The suspect is accused of breaking into McGills in High Street and stealing cash and medication, which South Yorkshire Police later found nearby.

Fundraisings herald rise of Chinese pharma

A spate of fundraisings by Chinese biotech companies has highlighted a scramble for leadership of the country’s nascent life sciences sector and raised questions over how quickly China can rival the US and Europe as a source of blockbuster medicines, the Financial Times reports.

Several promising Chinese drug developers have raised money in recent weeks or are preparing to do so in defiance of stock market volatility as investors show increasing interest in the commercial potential of China’s expanding medical base.

China has not produced a new drug for the global market since artemisinin for malaria in the 1970s – a breakthrough for which chemist Tu Youyou was awarded a Nobel Prize last year.

Even that was not adopted widely until its commercialisation by Novartis of Switzerland in the 1990s.

Meningitis: Private stocks of vaccine running out amid unprecedented demand

Private stocks of the meningitis B vaccine are running out across the country amid unprecedented demand from parents anxious to protect their children from the potentially deadly disease, the Independent reports.

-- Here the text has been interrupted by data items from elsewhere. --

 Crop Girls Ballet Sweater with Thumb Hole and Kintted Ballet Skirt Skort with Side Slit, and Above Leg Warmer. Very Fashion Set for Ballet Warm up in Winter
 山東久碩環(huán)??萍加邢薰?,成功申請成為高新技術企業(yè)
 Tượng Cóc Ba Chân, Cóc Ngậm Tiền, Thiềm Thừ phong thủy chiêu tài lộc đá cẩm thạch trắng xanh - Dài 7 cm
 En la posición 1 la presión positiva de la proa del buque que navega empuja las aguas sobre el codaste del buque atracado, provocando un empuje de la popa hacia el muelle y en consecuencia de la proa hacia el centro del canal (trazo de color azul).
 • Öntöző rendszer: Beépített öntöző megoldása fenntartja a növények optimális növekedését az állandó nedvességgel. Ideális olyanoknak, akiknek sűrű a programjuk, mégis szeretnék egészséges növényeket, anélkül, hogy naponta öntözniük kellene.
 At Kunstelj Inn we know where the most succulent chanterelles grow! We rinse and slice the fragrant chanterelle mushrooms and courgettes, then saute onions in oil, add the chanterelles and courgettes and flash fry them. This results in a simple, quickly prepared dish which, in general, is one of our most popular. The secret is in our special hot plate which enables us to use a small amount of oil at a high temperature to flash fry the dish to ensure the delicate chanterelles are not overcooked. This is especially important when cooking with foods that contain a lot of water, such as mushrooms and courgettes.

As the family of Faye Burdett published photographs of the dying two-year-old girl covered in a deep red rash and former England rugby star Matt Dawson spoke of his son’s narrow escape this week, more than half a million people have signed a petition calling for the Government to immunise all children.

Currently only babies aged between two and five months are offered the vaccine by the NHS.

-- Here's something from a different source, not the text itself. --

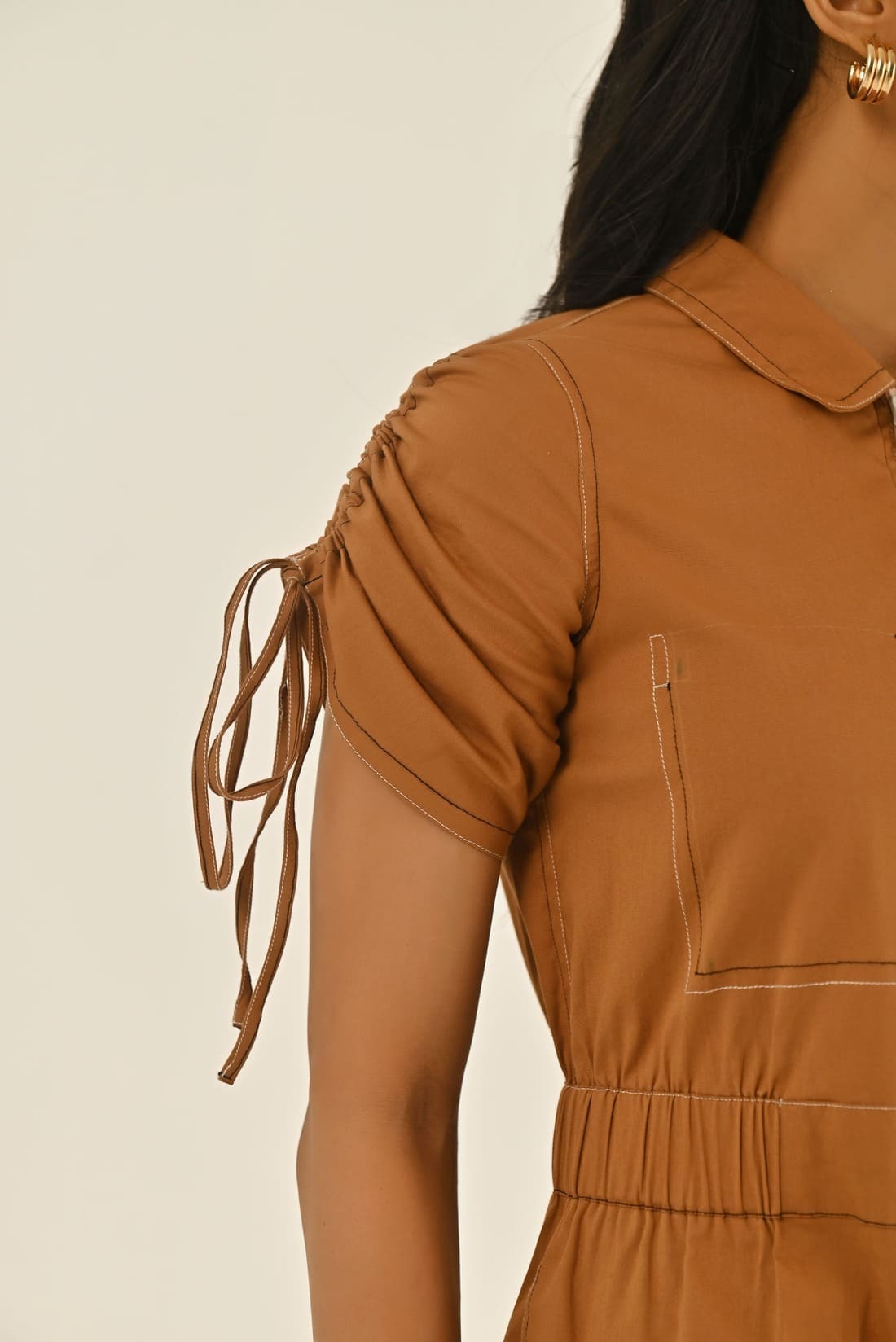 This Hazel Romper is perfect for those summer days! It is made from a blend of cotton and lycra for maximum comfort and quality, and the coffee colour and contrast stitches give an elegant but joyous look. An easy and fun choice for the summertime!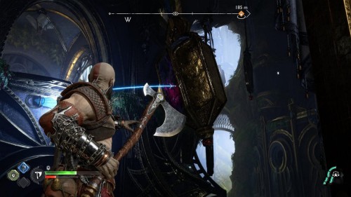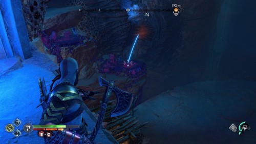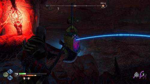 Примените клинки, чтобы раскачать кристалл, а потом бросьте в него топор, когда он будет в правой стороне. Тем самым вы разблокируете путь, ведущий к золотому сундучку – снова используйте точку захвата.

It is available privately – at a total cost of up to £480 – but clinics have started to run out.

Drug company GlaxoSmithKline (GSK), which makes the vaccine, said in a statement that “unexpected global demand” in 2015 meant they would be “experiencing supply constraints” for the first six months of this year.

Sugar tax could prevent obesity in almost 4 million people, charities say

A sugar tax on sweetened drinks would save 3.7 million people from becoming obese over the next 10 years, reducing their chances of illness and saving the NHS millions of pounds, The Guardian reports.

A report, from Cancer Research UK and the UK Health Forum, an alliance that works on the prevention of heart disease, stroke and other conditions, says that by 2025 the tax could reduce health and social care spending by £10m a year.

The report from two leading medical charities adds to the pressure on the government to introduce a tax on sugar-sweetened drinks as part of its delayed childhood obesity strategy, which is expected to be published this month or next.

There has been widespread support for a tax from public health bodies and campaigners including Jamie Oliver, who has introduced a levy on sugary drinks in his own restaurants, the proceeds of which go to health and educational causes.